Dann dürftest du mit der Aufgabe ein ziemliches Problem bekommen.
Womit du anfangen könntest, wäre die Logik für Hanoi so zu Programmieren, das du den Kram auf der Konsole ausgeben kannst, noch völlig unabhängig von der GUI.
Die Logik müsstest du aber auch zu dem Zeitpunkt schon so schreiben, das du diese Schrittweise ausführst, oder die Möglichkeit hast bei jedem Schritt dir den aktuellen Zustand der Türme auszulesen.

Wenn das ganze funktioniert schreibst du dir eine angepasste Gui die dieses Modell nimmt, den Zustand ausließt und visualisiert.
Entsprechendes Material zu Swing findest du dann unter anderem hier:
Trail: Creating a GUI With JFC/Swing (The Java™ Tutorials)
http://www.techfak.uni-bielefeld.de/~jkrueger/documents/talks/swing_kompakt.pdf
http://www.java-forum.org/spiele-multimedia-programmierung/54795-quaxli-2d-spiele-tutorial.html

Gruß


----------



## NikitaVans (21. Sep 2012)

ja ich sagte ja habe ein riesen problem..... ich war über 4 Monate im Krankenhaus und bin erst seit letzter Woche Medikamenten frei, ich habe gefehlt als wir angefangen haben die Stack Methoden zu lernen....


----------



## SlaterB (21. Sep 2012)

seit dem 19. sind zwei Tage vergangen, Zeit um durchaus einen gewissen Teil der nötigen Dinge zu lernen,

nicht nachprüfbare Begründungen kannst du dir hier sparen, 
jeder der auf die Schule pfeift und seine Aufgaben von anderen erledigen läßt würde genau dasselbe schreiben, hat keine Bedeutung
(klingt im Zweifel hart, einfach nur die objektiven Fakten herauslesen, nicht persönlich nehmen)

das Forum kann dir nicht Java beibringen, das ist eine Arbeit von zig Stunden, 
du musst ein Lehrbuch nehmen und lernen, gibt auch Video-Tutorials, alles im Internet zu finden
oder mit Geld menschliche Nachhilfe.., in deinem Umfeld umso geeigneter zu finden


----------



## NikitaVans (24. Sep 2012)

dieser vorwurf klingt sogar äußerst hart und es fällt mir ehrlich gesagt ziemlich schwierig, das nur Objektiv zu sehen, auch wenn ich es nachvollziehen kann.

Das mit dem Nachweisbar ist nicht das problem, Krankenhausbericht, überweisungsschein attesyte versicherungsrechnung etc. kann ich alles vorweisen.

Ich glaube ich wurde missverstanden.
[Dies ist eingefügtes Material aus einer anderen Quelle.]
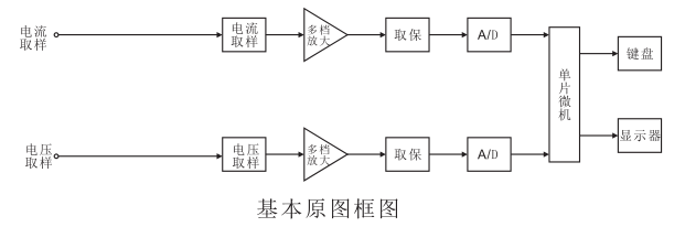 After the measured Voltage signal passes through the Voltage sensor, the signal is reduced to a weak signal, and the signal is largeSmall, controlled by a microcomputer, programmable multi-range amplification, and by a sample-holder, byThe analog/digital converter A/D converts the Voltage signal into a digital signal and transmits the digital signal to the miniatureThe computer calculates the true RMS Voltage (URMS) and outputs the value to the display on the display.After the measured current signal passes through the current sensor, the signal is converted into a weak Voltage signal, which is the same as the measured signalThe Voltage is the same, after multi-gear selection of program-controlled amplification, sampling and holding, A/D conversion, in the microcomputercalculates the True RMS Voltage (IRMS) and outputs the value to the display.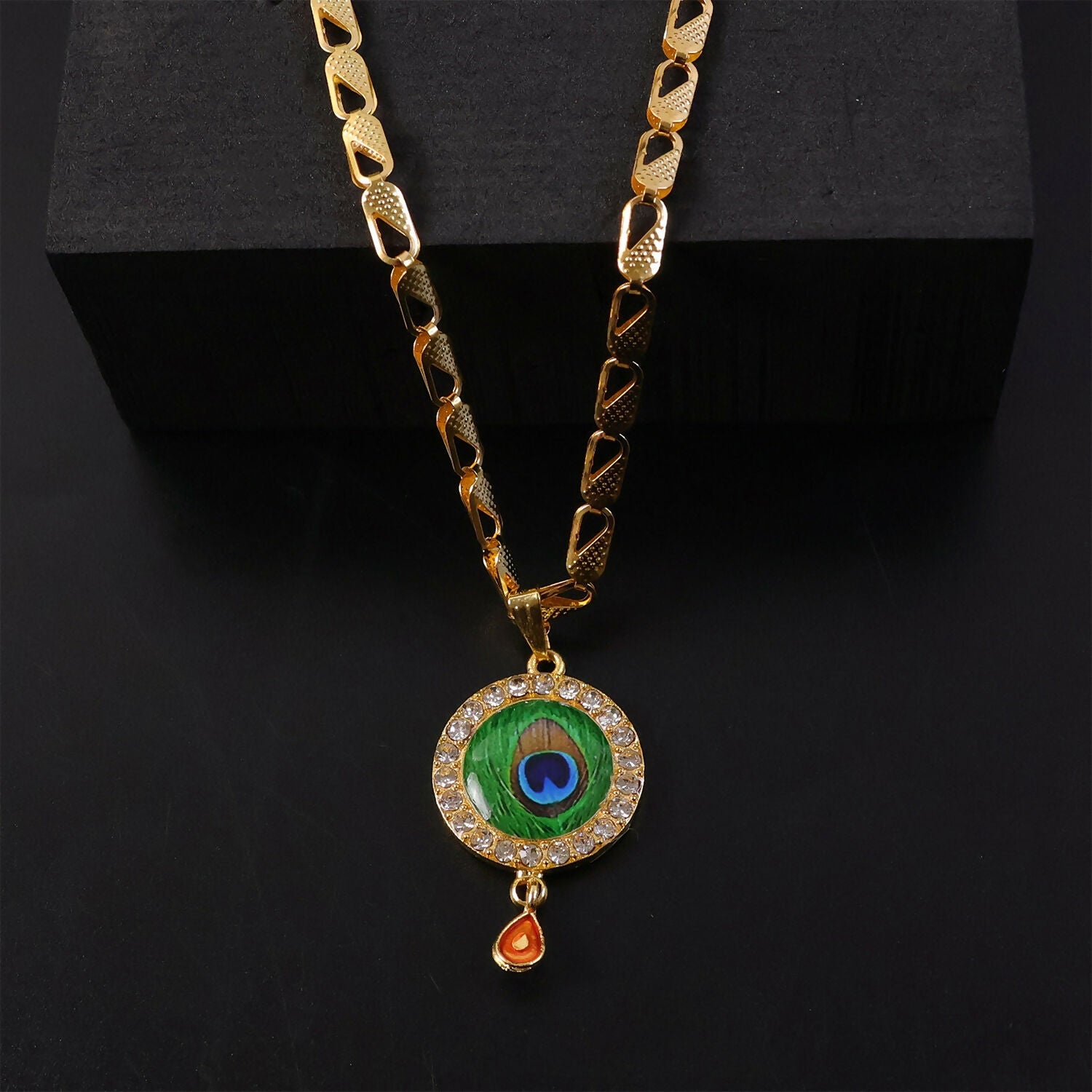 An elegant gold-toned chain necklace featuring a vibrant peacock feather–inspired stone pendant, encircled with sparkling crystal accents. Finished with a delicate drop charm, this piece adds a graceful blend of tradition and modern style—perfect for festive wear, special occasions, or thoughtful gifting.

Ich will nicht, das mir jemand komplett Java beibringt, sondern nur als stütze dient. Der sich zum Beispiel mal ne halbe stunde zeit nimmt über skype o.ä. und mir hilft. Nicht die Arbeit für mich macht, sondern den ich fragen kann, wenn ich etwas nicht verstehen oder der mir tipps geben kann.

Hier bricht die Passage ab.